## [Exercise]
With the pictures left out, retype exactly the lines below starting at the line that contains "3pcs/Set LAIKOU Sakura" and ending at the line that contains "إذا وجد اللقيط".

## [The data]
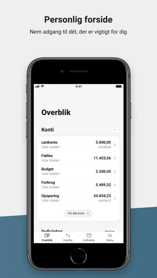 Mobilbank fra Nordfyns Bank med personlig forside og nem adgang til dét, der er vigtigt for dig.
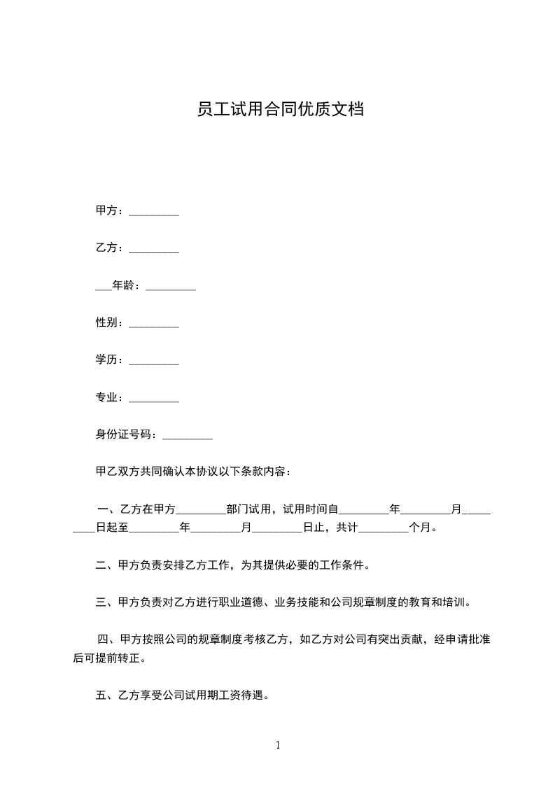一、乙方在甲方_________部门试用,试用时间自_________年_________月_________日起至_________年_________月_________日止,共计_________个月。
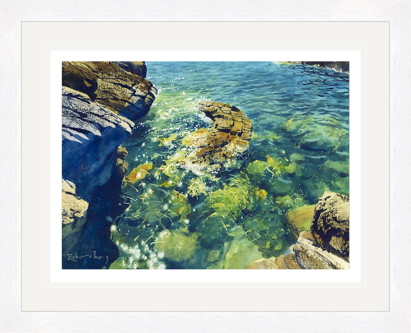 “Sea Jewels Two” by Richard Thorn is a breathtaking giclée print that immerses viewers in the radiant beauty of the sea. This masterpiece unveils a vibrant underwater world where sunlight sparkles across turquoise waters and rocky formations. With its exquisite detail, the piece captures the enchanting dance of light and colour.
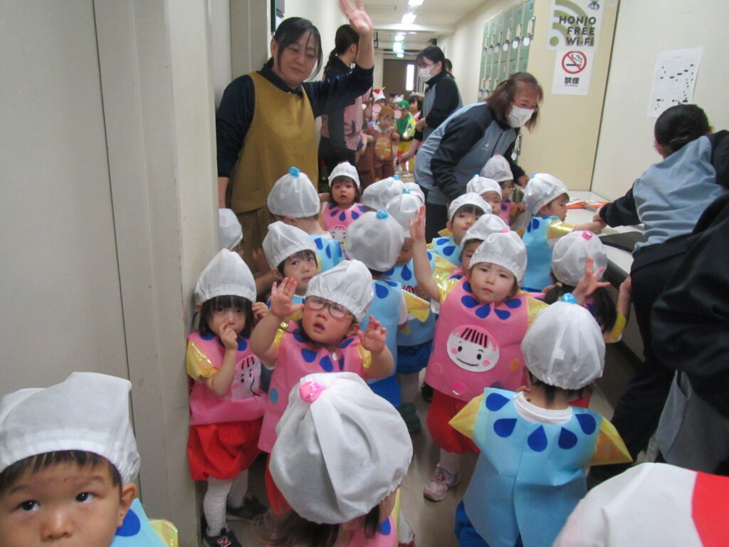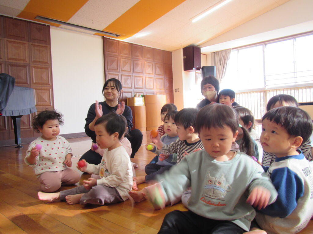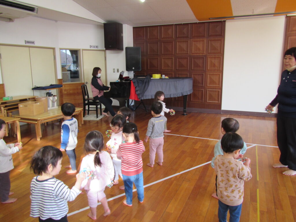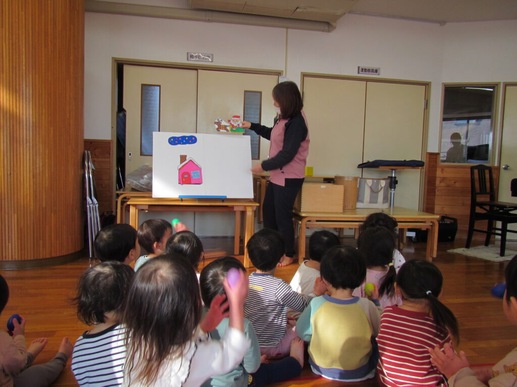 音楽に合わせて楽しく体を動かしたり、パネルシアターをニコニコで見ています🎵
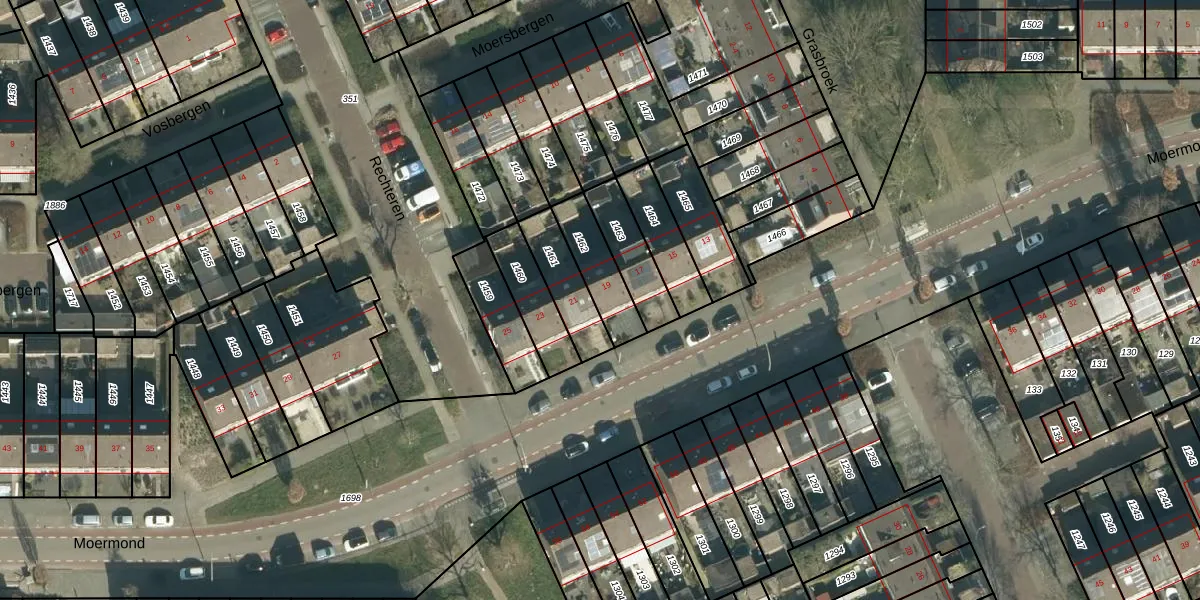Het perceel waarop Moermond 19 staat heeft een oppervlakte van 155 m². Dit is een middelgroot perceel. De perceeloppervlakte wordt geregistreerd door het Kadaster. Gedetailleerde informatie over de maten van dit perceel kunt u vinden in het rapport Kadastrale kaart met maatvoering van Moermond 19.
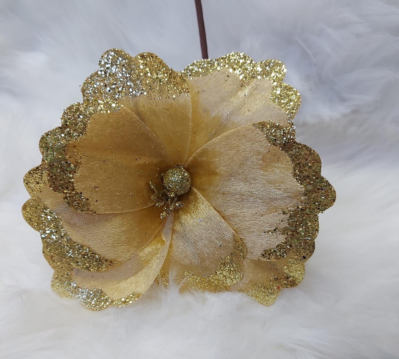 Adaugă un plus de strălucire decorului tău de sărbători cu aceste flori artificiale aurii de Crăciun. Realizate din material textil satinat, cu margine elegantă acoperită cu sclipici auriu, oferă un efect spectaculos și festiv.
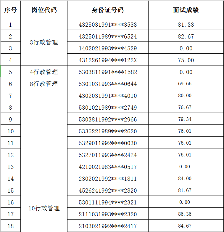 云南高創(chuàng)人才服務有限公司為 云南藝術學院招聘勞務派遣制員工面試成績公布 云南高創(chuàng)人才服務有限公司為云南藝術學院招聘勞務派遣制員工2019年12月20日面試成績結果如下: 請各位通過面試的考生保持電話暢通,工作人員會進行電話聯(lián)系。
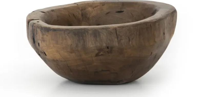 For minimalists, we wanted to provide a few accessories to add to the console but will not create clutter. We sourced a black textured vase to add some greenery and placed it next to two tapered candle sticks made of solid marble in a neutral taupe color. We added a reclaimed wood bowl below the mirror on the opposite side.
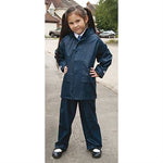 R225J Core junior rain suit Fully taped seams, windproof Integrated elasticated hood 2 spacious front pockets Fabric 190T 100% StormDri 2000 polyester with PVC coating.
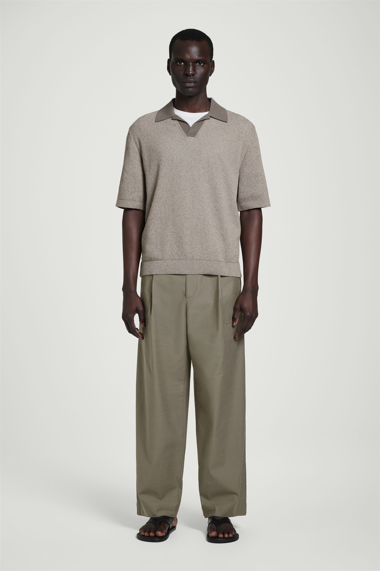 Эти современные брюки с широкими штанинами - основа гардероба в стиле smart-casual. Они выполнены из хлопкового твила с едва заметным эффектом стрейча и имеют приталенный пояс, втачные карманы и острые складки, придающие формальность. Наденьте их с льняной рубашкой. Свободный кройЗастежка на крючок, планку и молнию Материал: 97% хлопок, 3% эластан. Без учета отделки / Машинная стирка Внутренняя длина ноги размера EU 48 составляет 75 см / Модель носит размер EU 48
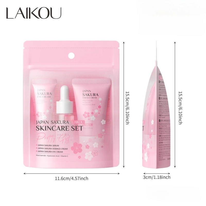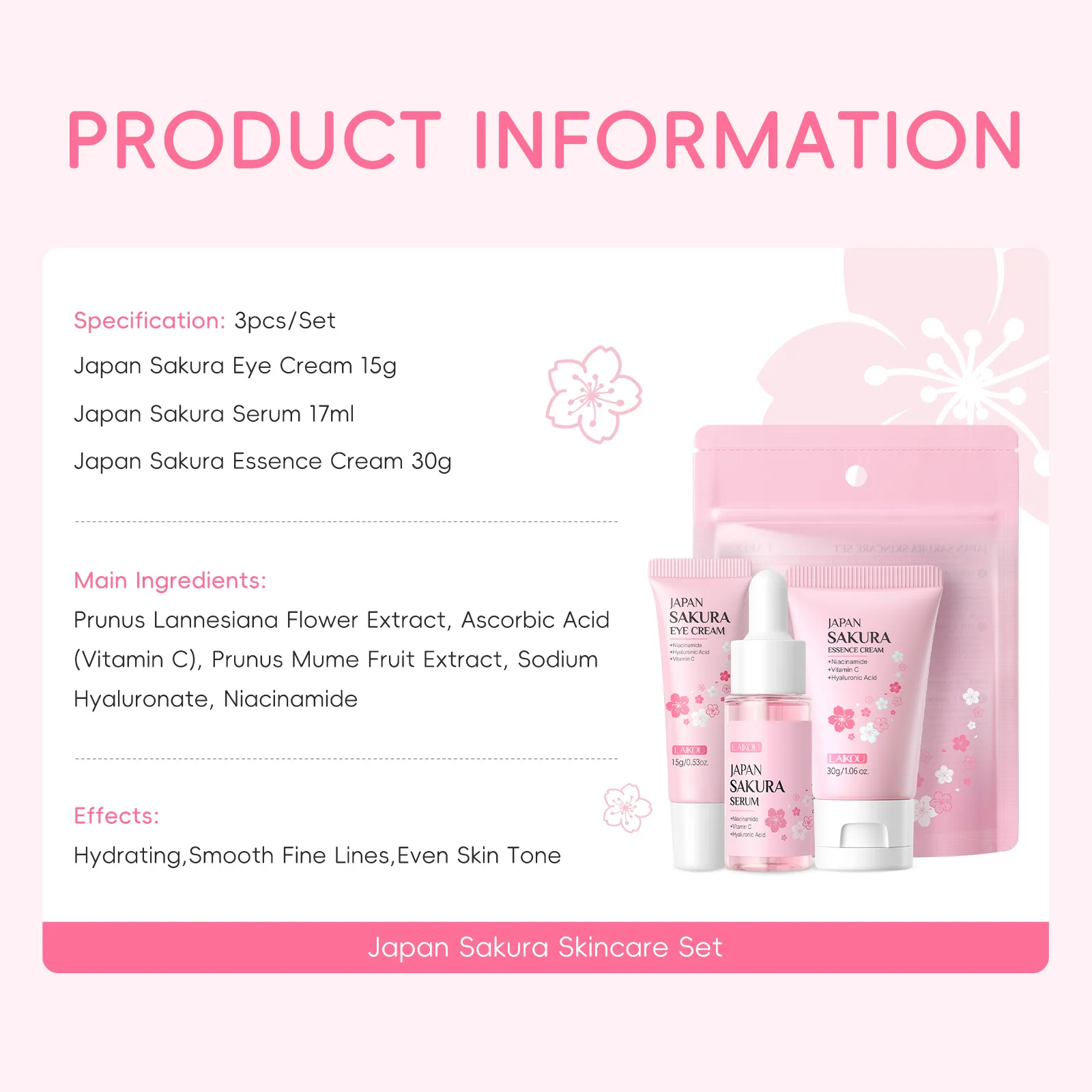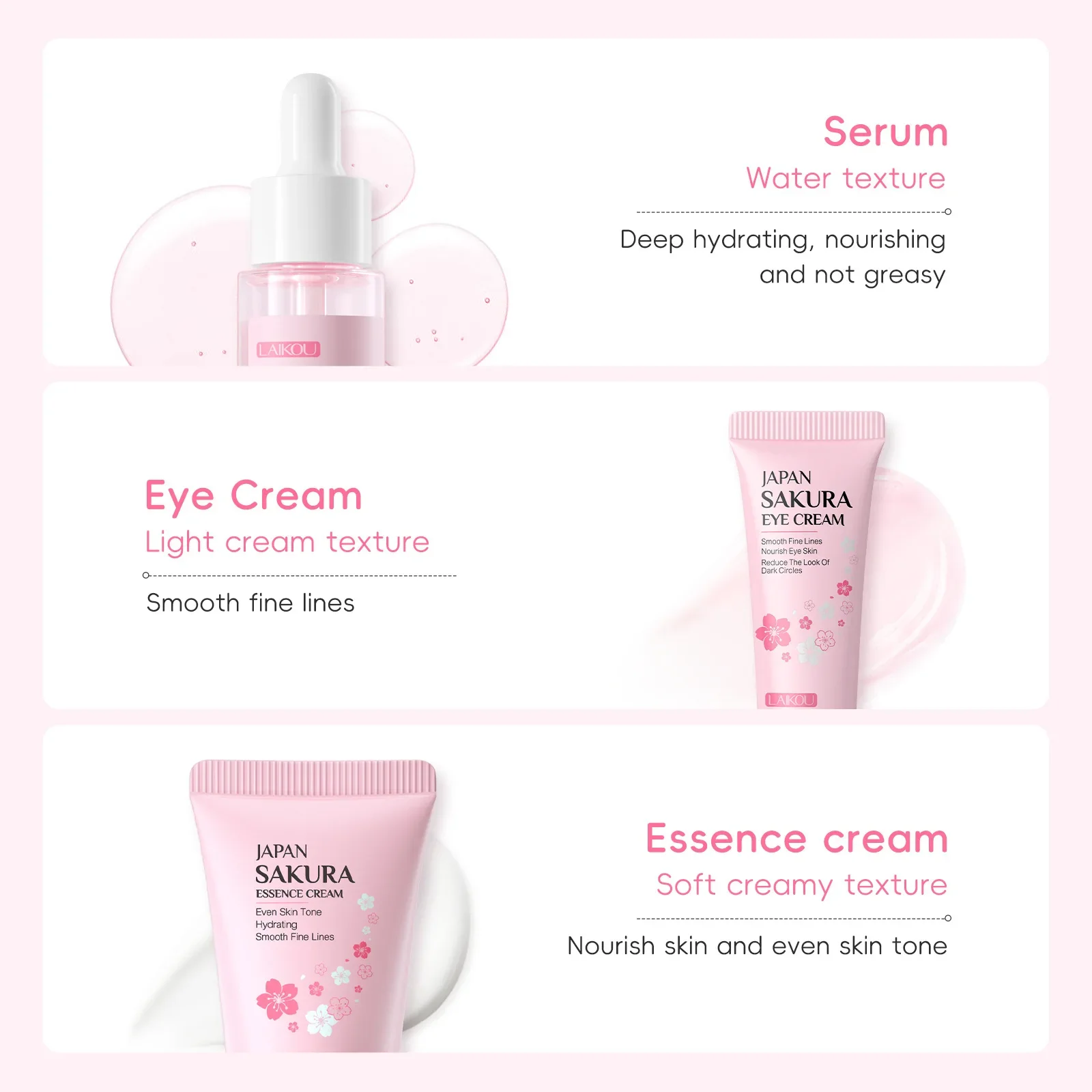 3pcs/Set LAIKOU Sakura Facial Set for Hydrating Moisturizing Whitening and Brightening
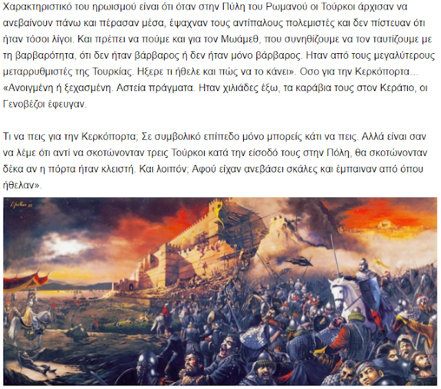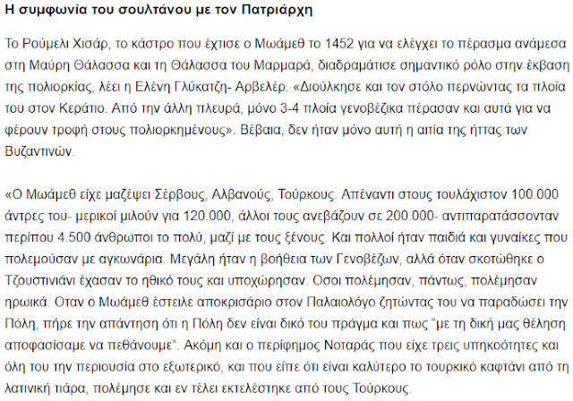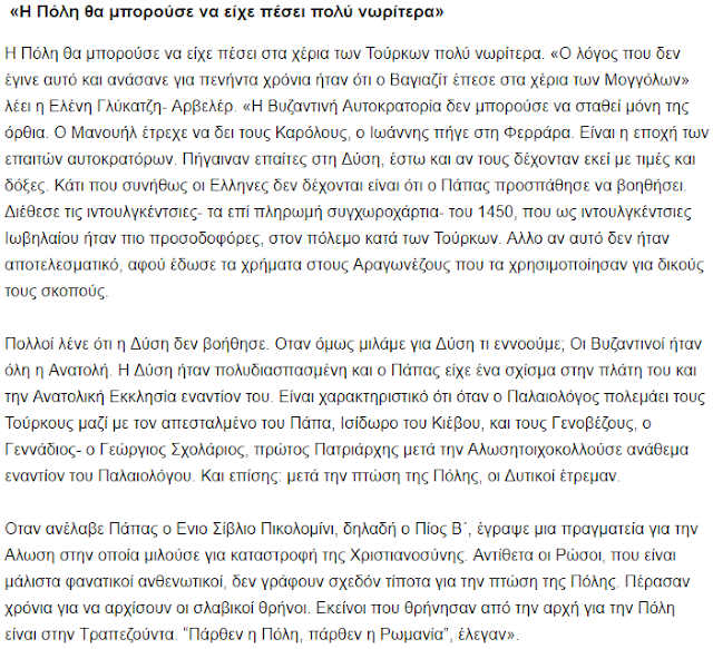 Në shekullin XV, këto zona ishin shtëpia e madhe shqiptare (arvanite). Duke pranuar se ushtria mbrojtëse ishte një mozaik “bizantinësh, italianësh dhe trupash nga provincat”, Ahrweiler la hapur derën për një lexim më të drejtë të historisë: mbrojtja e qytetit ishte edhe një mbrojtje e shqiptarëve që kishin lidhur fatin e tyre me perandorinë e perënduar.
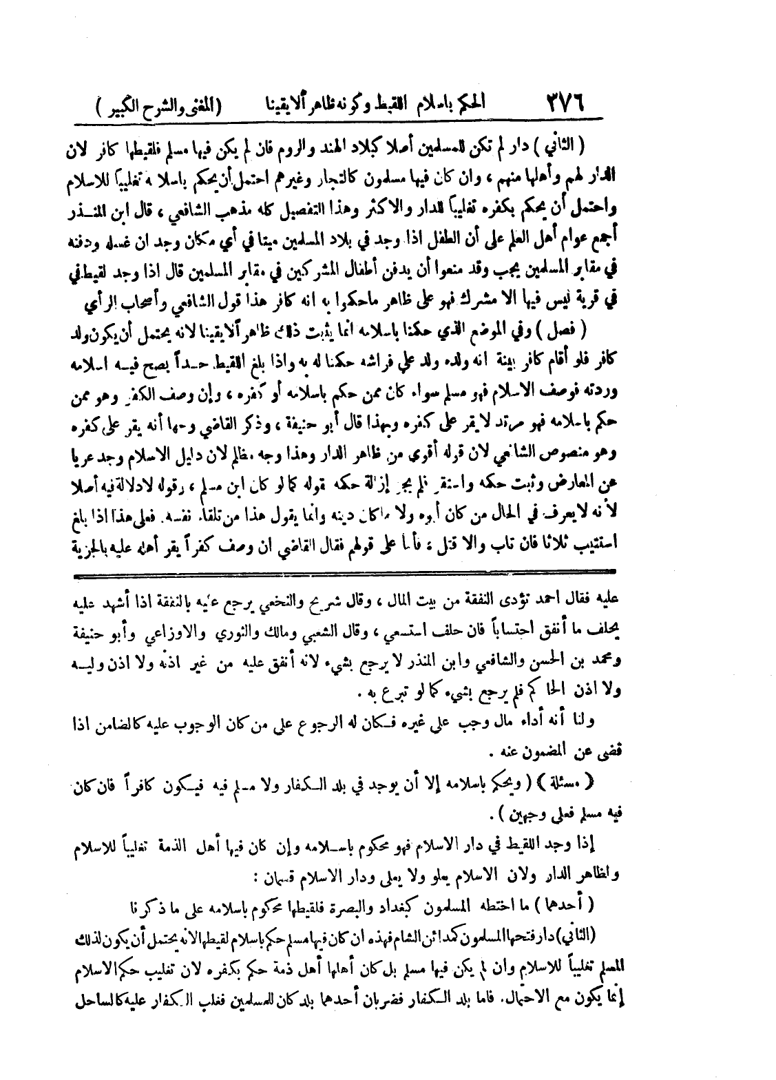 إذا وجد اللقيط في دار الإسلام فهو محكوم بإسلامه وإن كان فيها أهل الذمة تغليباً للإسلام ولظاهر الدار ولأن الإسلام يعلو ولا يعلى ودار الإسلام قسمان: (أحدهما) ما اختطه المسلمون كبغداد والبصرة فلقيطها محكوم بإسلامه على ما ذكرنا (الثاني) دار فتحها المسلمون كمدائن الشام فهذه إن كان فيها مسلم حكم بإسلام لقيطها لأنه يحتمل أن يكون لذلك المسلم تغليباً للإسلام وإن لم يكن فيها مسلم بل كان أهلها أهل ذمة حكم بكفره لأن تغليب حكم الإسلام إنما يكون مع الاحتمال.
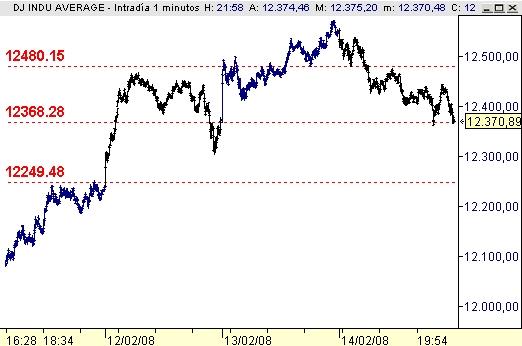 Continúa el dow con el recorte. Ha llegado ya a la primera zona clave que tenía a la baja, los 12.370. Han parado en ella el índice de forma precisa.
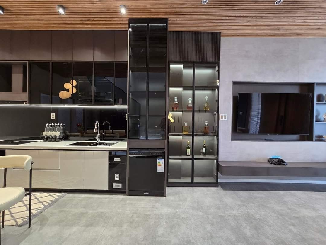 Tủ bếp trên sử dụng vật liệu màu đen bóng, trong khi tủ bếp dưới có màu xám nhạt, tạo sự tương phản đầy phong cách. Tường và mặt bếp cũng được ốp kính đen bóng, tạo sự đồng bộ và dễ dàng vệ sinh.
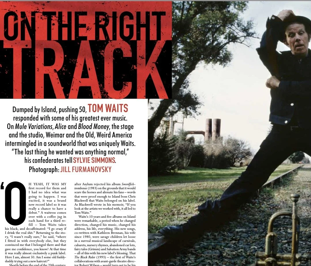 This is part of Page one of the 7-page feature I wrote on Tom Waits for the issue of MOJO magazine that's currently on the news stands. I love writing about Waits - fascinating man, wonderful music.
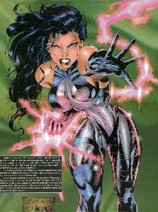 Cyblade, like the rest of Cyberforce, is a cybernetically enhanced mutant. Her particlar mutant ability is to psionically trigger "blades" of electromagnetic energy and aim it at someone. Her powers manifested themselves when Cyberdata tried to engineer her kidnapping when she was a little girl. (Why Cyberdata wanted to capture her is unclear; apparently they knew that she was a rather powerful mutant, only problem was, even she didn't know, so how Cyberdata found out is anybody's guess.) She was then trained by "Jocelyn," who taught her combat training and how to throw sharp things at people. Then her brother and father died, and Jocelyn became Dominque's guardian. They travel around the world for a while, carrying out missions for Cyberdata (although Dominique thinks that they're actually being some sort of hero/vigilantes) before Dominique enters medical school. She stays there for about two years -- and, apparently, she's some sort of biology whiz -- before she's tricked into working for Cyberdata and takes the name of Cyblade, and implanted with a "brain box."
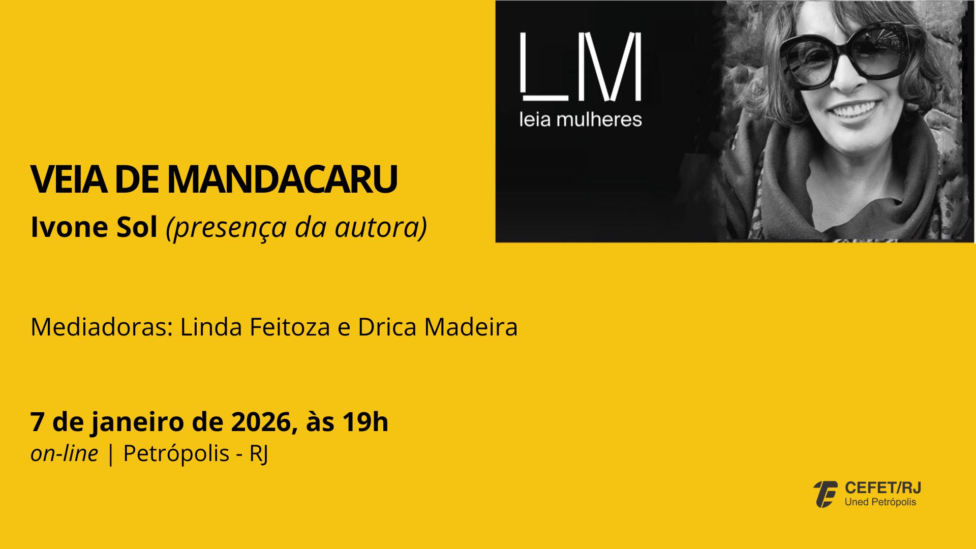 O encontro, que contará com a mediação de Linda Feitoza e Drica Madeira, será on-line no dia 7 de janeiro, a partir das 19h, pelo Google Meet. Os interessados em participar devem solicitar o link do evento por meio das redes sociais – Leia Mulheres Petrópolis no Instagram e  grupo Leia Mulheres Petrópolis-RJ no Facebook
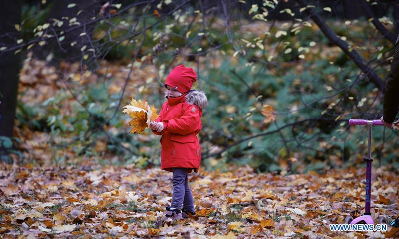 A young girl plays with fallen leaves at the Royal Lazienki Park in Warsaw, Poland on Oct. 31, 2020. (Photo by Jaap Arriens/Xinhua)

## [Task result]
 3pcs/Set LAIKOU Sakura Facial Set for Hydrating Moisturizing Whitening and Brightening
 Në shekullin XV, këto zona ishin shtëpia e madhe shqiptare (arvanite). Duke pranuar se ushtria mbrojtëse ishte një mozaik “bizantinësh, italianësh dhe trupash nga provincat”, Ahrweiler la hapur derën për një lexim më të drejtë të historisë: mbrojtja e qytetit ishte edhe një mbrojtje e shqiptarëve që kishin lidhur fatin e tyre me perandorinë e perënduar.
 إذا وجد اللقيط في دار الإسلام فهو محكوم بإسلامه وإن كان فيها أهل الذمة تغليباً للإسلام ولظاهر الدار ولأن الإسلام يعلو ولا يعلى ودار الإسلام قسمان: (أحدهما) ما اختطه المسلمون كبغداد والبصرة فلقيطها محكوم بإسلامه على ما ذكرنا (الثاني) دار فتحها المسلمون كمدائن الشام فهذه إن كان فيها مسلم حكم بإسلام لقيطها لأنه يحتمل أن يكون لذلك المسلم تغليباً للإسلام وإن لم يكن فيها مسلم بل كان أهلها أهل ذمة حكم بكفره لأن تغليب حكم الإسلام إنما يكون مع الاحتمال.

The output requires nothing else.